For instance, the constitution says, “delegates to the convention shall be chosen,” but this can be done at the next regular statewide election or at a special election.

Then the constitution says: “Unless other provisions have been made by law, the call shall conform as nearly as possible to the act calling the Alaska Constitutional Convention of 1955, including, but not limited to, number of members, districts, election and certification of delegates, and submission and ratification of revisions and ordinances.”

The Legislature has the option to pass a law detailing how the delegates are picked and how the convention will go. One proposal to do that didn’t advance this year. The convention can also be run similar to how it was done in 1955.

To process some of these unknowns, the office of Sen. Gary Stevens, R-Kodiak, issued a white paper in September 2021. He chairs the Senate Rules Committee.

“There were a lot of questions about a constitutional convention and what would happen and how it would work and, as Rules chair, we wanted to make sure that people had all the information that we had,” Stevens said. “So, we put that paper together really for other legislators and for anybody else that wants to see it. The idea was to let folks know what could happen if the public in November votes to have a constitutional convention.”

Many factors to determine cost

One aspect the paper considers is financial cost.

“It’s really, really impossible to say right now, but I would guess it’s going to be between $17 to $20 million to fund the convention,” Stevens said.

The paper’s estimate of $16.7 million is based on current costs for legislative operations, including for things like security, legal and research staff, and legislators’ compensation per day, known as per diem. It assumes a 75-day convention and includes costs for 60 days of support and preparation leading up to the convention and a 30-day wind-down period, totaling 165 days of costs. Stevens’ office consulted with the Legislative Affairs Agency to get actual costs associated with a legislative session.

The figure inputs other current unknowns, like how many delegates will be at a convention, which won’t be determined until after a potential yes vote. The figure accounts for a 60-delegate convention based on current legislative districting as opposed to the original 55-member convention, which was based on judicial districts and the districts used for property records at the time.

Stevens, a former history professor at the University of Alaska, is not aware of any other effort to come up with a financial cost estimate. He said the paper itself doesn’t take sides, though he does have a personal opinion on the issue.

“I’m not necessarily in favor of a constitutional convention, but if we have one, we’ve got to be prepared, and that’s the purpose of this paper. Be prepared,” he said.

Stevens is not a member of Defend Our Constitution, a group of Alaskans from various political backgrounds who oppose a convention. The group, which cites the overall “about $17 million” cost estimate from Stevens’ paper, calls the convention “expensive.”

“As Alaskans prepare to vote on holding a constitutional convention, an important element of that decision will be just how much such an event might cost. And while concrete numbers are somewhat elusive, a combination of historical data and past research indicates a convention will be incredibly expensive,” the group’s website says.

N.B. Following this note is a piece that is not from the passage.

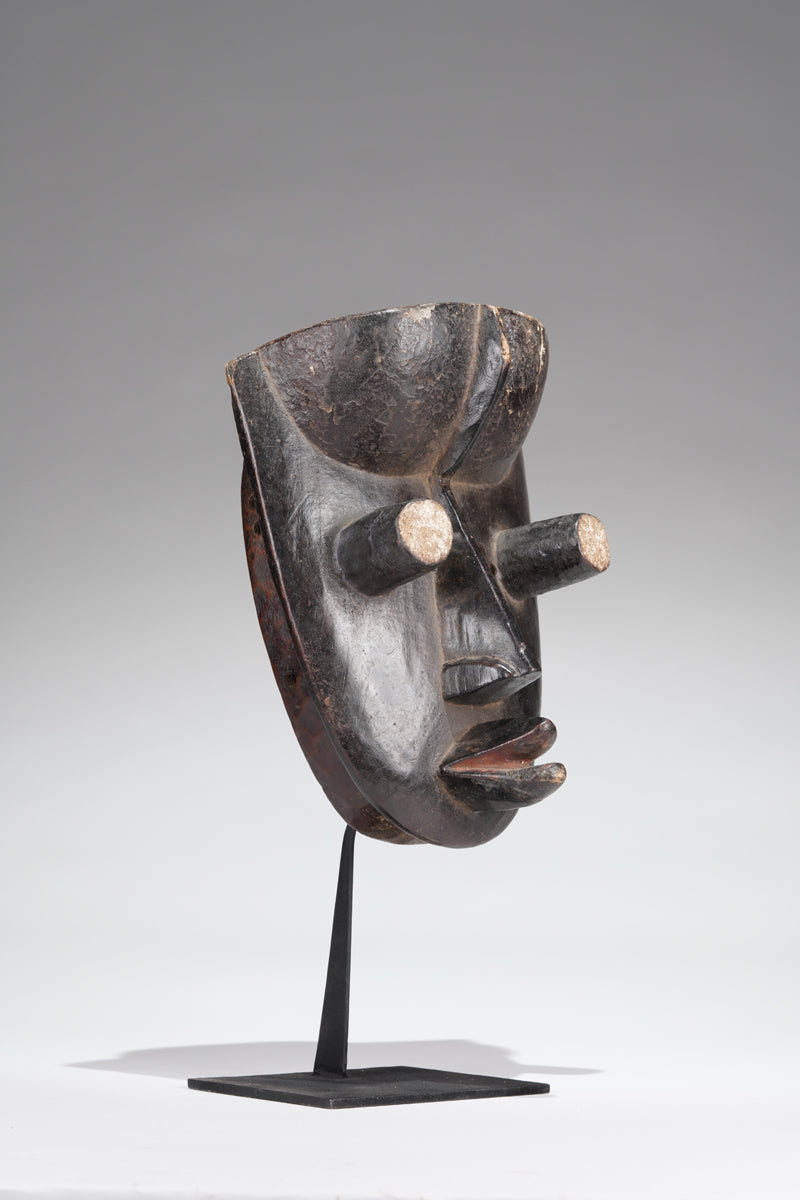 A Grebo mask, Liberia, of oval shape, protruding pointed mouth, long nose, two tubular eyes poking out, a bulging forehead split in-between with an elevated line, the discs of the eyes are painted white, the inside of the mouth red, the whole mask is glossy and the dark wood shines; glossy by use, encrusted patina on the forehead.

Convention supporter says cost is a nonissue

Sen. Mike Shower, R-Wasilla, said calling the cost of a convention expensive is “fear mongering.” He estimates the cost at closer to $3 million.

“That’s nothing. That’s not even a drop in the bucket for what the state spends on anything they want to spend and nobody is out there complaining about that. But when they oppose a constitutional convention, ‘Oh my gosh, the cost is going to be astronomical. We’re just going to break the bank.’ It’s fear mongering,” he said.

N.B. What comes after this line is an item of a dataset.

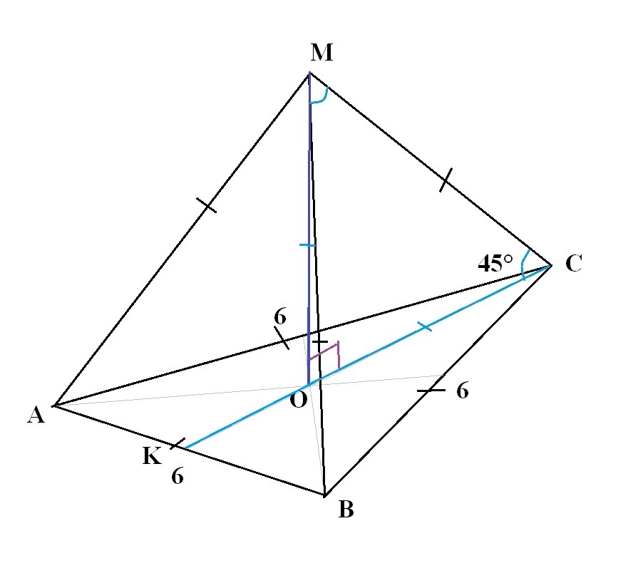 Высота МО⊥(АВС), тогда МО⊥CO. ∆МОС - прямоугольный и ∠МСО=45°, значит и ∠СМО=45°. Значит, ∆МОС - равнобедренный, тогда СО=МО =2√3.

Shower is a vocal proponent of having a convention. He said the cost of a convention is a nonissue.

“It shouldn’t, frankly, even be a consideration based on how little it’s going to cost,” he said.

Shower said Stevens’ estimate is “too high.”

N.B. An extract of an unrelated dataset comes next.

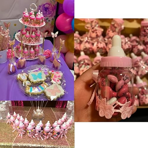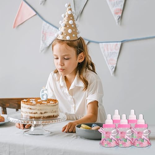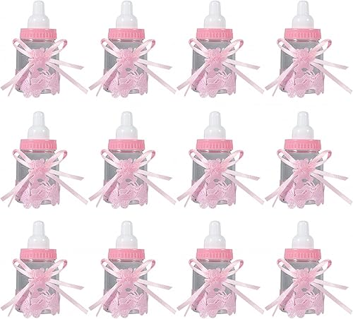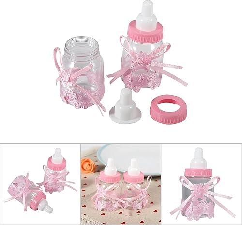 Agatige Lot de 12 Bébé Bouteilles Bonbons, Rose Bouteilles Cadeau Biberon à Dragées Biberon de Bonbons pour Fête d'anniversaire des Enfants, Baby Shower Party, Party Accessoire
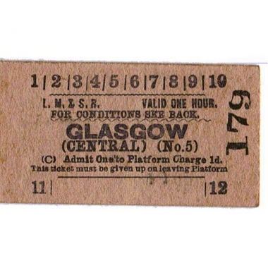 Platform Ticket, LM&SR, Glasgow (Central) (No.5), 1d, Serial No 179

“I’m going to say we got 55 delegates times 200 bucks a day times 30 per month, right? That’s $330,000. And I’m going to go big and say it takes three months, which it’s not. That’s $990,000,” Shower said. “I’ll take that number right there and I’ll triple it. Triple that cost just to say, you know, renting a space and other kinds of things, that’s about $3 million.”

With so many unknowns and variables, Shower said “there’s no way to know” the cost and it’s all guessing.

“People that are opposed to it are probably going to do the standard tactic of trying to make it sound more expensive. Those who support it are probably going to come in and say it’s less expensive. I’m not doing either because I honestly don’t know. I hate when we do this stuff and we use our own political lens to flavor something we support or oppose and make it expensive, cheap, etc.” Shower said.

Loren Leman, a Republican former lieutenant governor and former legislator, also thinks the $17 million estimate is high. He supports having a convention.

“I would have estimated it in the single digit millions,” Leman said.

He doesn’t think a convention would involve all the same support the Legislature does, “but the reality is we still would need to have research capability and support. It will cost money.”

Leman said there are ways to reduce costs, “streamline it and still get the job done.” If a convention were to have a projected cost upwards of $17 million, Leman would support changing the scope and a lesser expenditure, “but one that still gives adequate time and opportunity to do the job.”

“I would say let’s not do a convention like that. Let’s deliver it a different way. Let’s deliver it more — maybe I’ll say— the Alaskan way. We can get together — doesn’t have to be an ornate hall, I mean, not that we even have such a thing in Alaska,” he said.

While people have different projections of how much a convention might cost, they seem to agree on the interpretation of this part of the constitution: “The appropriation provisions of the call shall be self-executing and shall constitute a first claim on the state treasury.”

“They can’t not fund it,” said Shower. “There’s no legislative arm-twisting to say we’re just not going to fund this because we don’t like it; they can’t do that.”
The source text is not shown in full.